METAL
Recycling aluminum saves 95% of the energy needed to produce new aluminum from raw materials. Energy saved from recycling one ton of aluminum is equal to the amount of electricity the average home uses over 10 years. (Keep America Beautiful, 2006)
Recycling one aluminum can saves enough energy to run a 100-watt bulb for 20 hours, a computer for 3 hours, or a TV for 2 hours. (EPA, 2008)
Recycling aluminum saves 95% of the energy used to make the material from scratch. That means you can make 20 cans out of recycled material with the same amount of energy it takes to make one can out of new material. Energy savings in 1993 alone were enough to light a city the size of Pittsburgh for six years.
Americans throw away enough aluminum every month to rebuild our entire commercial air fleet.
Recycling steel and tin cans saves 74% of the energy used to produce them.
Americans use 100 million tin and steel cans every day.
Americans throw out enough iron and steel to supply all the nation’s automakers on a continuous basis.
A steel mill using recycled scrap reduces related water pollution, air pollution and mining wastes by about 70%.
When you toss out one aluminum can you waste as much energy as if you’d filled the same can half-full of gasoline and poured it into the ground.
ALUMINUM
More than 50% of a new aluminum can is made from recycled aluminum.

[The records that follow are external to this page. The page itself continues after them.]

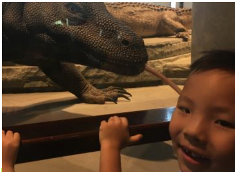
I'm not scared of a Komodo Dragon!
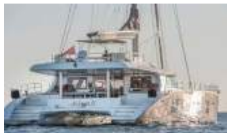
SEAZEN II Length: 21.40 m Guest/Crew: 8/3 Area: Corsica/East Mediterranean Rate: From EUR 30 000/week
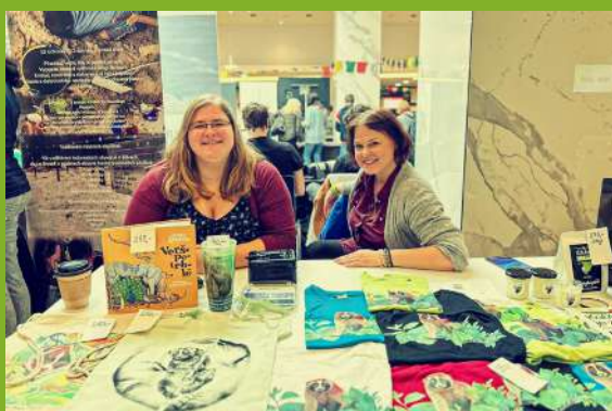
Kukang stand at the Around the World travel festival

The 36 billion aluminum cans landfilled last year had a scrap value of more than $600 million. (Some day we'll be mining our landfills for the resources we've buried.)
STEEL
The steel industry's annual recycling saves the equivalent energy to electrically power about 18 million households for a year. Every time a ton of steel is recycled, 2500 pounds of iron ore, 1000 pounds of coal and 40 pounds of limestone is preserved.
Every day Americans use enough steel and tin cans to make a steel pipe running from Los Angeles to New York... and back. If we only recycle one-tenth of the cans we now throw away, we'd save about 3.2 billion of them every year.
The average American throws out about 61 lbs. of tin cans every month.
About 70% of all metal used just once and is discarded. The remaining 30% is recycled. After 5 cycles, one-fourth of 1% of the metal remains in circulation.